ALAN DERSHOWITZ: TSARNAEV ‘DESERVED THE DEATH PENALTY’




            Although Alan Dershowitz is a strong opponent of the death penalty, he still felt that Tsarnaev deserved to be executed for the crime of the Boston Marathon Bombing. This article will explain more.


Alan Dershowitz

Alan Dershowitz: Tsarnaev 'Deserved the Death Penalty'
Friday, May 15, 2015 06:54 PM
By: Cathy Burke

There was little doubt Boston Marathon bomber Dzhokhar Tsarnaev would get a death sentence: his lawyer had the jury deck "stacked" against her, lawyer Alan Dershowitz tells Newsmax TV.

In an interview with hosts John Bachman and Miranda Khan on "Newsmax Now" on Friday, Dershowitz, author of "Terror Tunnels: The Case for Israel's Just War Against Hamas," said that "if any case ever deserved the death penalty, this case does."

Tsarnaev's death penalty lawyer, Judith Clarke, "did everything she could possibly do," Dershowitz added. "She started out with a stacked deck," he said, noting that anyone with an objection to the death penalty was excluded from the panel.

"This is a case that if any case ever deserved the death penalty, this case does,"
he said.

"The planning, the idea of putting bombs next to children knowing you're going to kill them, I have no sympathy whatsoever for Tsarnaev.
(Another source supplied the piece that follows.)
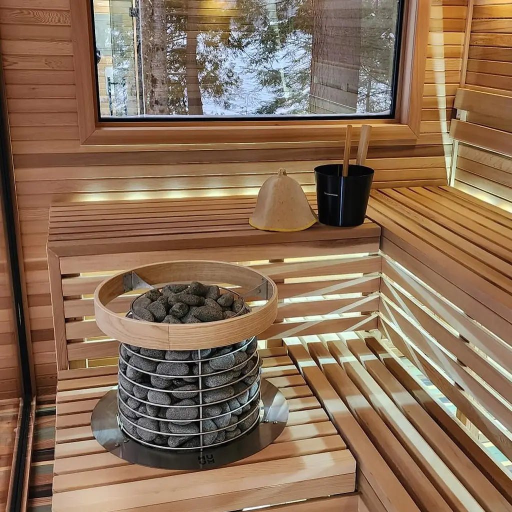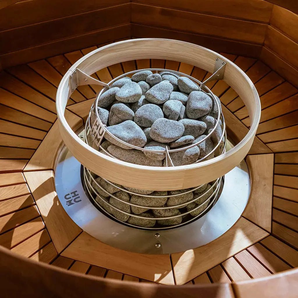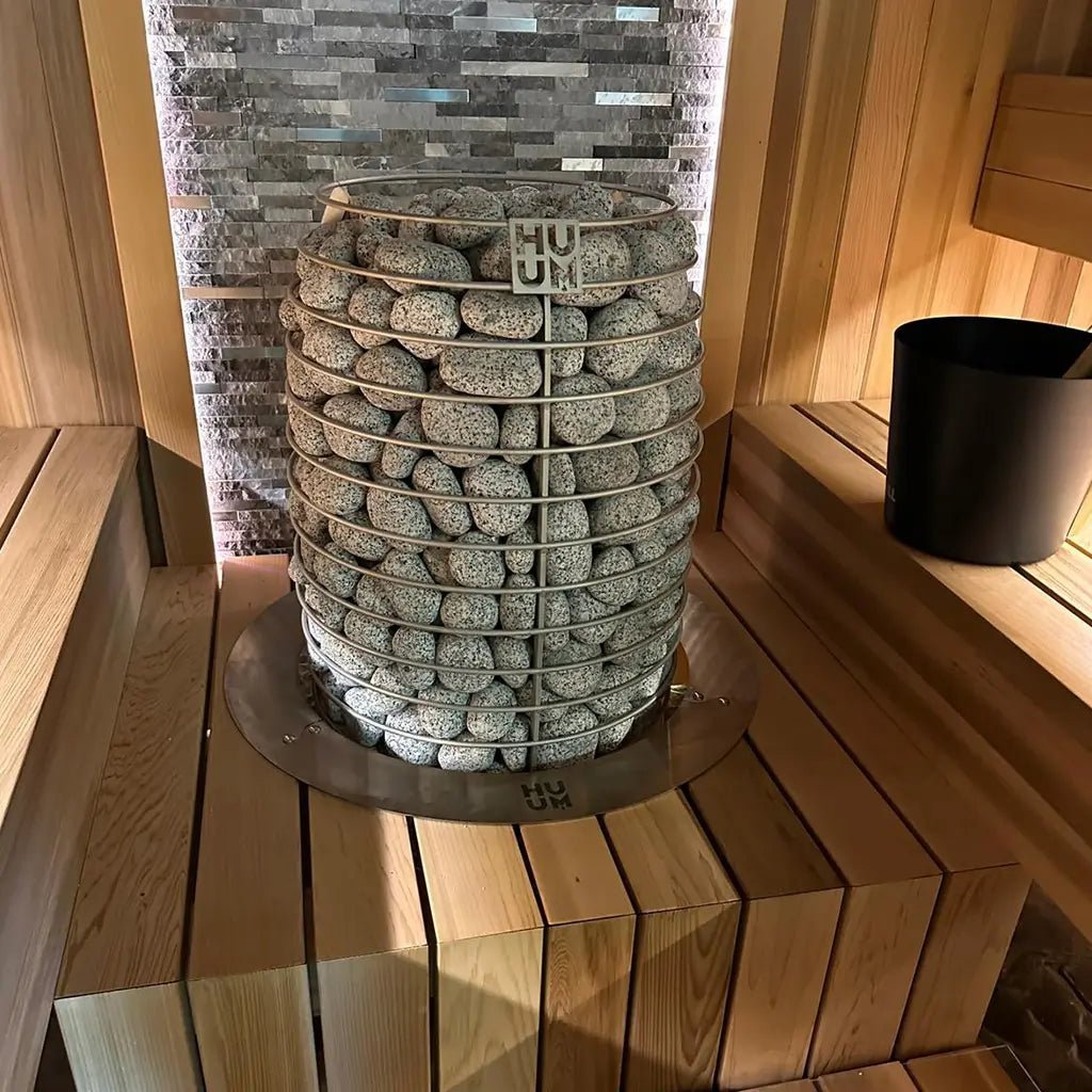 When embedding the HUUM HIVE electric sauna heater, a minimum of 350 mm / 13.8 inches of the heater body should be visible above the bench surface.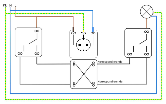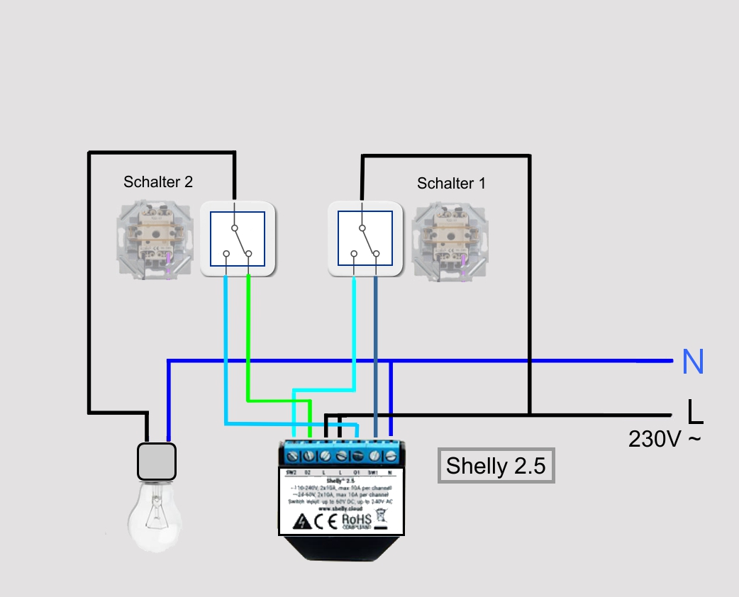 Die Schaltung ist jetzt wieder eine “normale” Kreuzschaltung mit einem Shelly 2 dazwischen, wie @Osorkon es vorgeschlagen hat.

"The only real question is whether he suffers more by life in . . . prison or a quick . . .  execution where he becomes a martyr, and where a lot of people support him on his appeal,"
he said.

Dershowitz said Islamic radicals are certainly "going to make him a martyr – and he wanted to be a martyr."

Even testimony from the victims' family members, survivors, and a nun arguing against the death penalty could not counter what was a "horrible, horrible crime," Dershowitz said.

"One should not, in any way, try to diminish the crime," he said. "You have the young man walking up to children knowing that he's going to blow them apart and without anything but callousness, he puts the bomb there, sets it off and then goes . . . back to his college."

"Certainly, nobody should have any compassion for this man or should have any sense that he's a martyr and deserves any kind of support. He's a horrible, horrible human being."

Yet it's ironic, "a man who mercilessly killed people . . . gets the best lawyer to defend him,"
Dershowitz said.

"The case did not come out the way he may have wanted, but he certainly can't complain about American justice. He seems to have gotten not only a fair trial, but a fair penalty hearing."


Dershowitz noted the next step in the case will be "a vigorous appeal" by the First Circuit Court of Appeals.

"They'll get a fair shake," he said.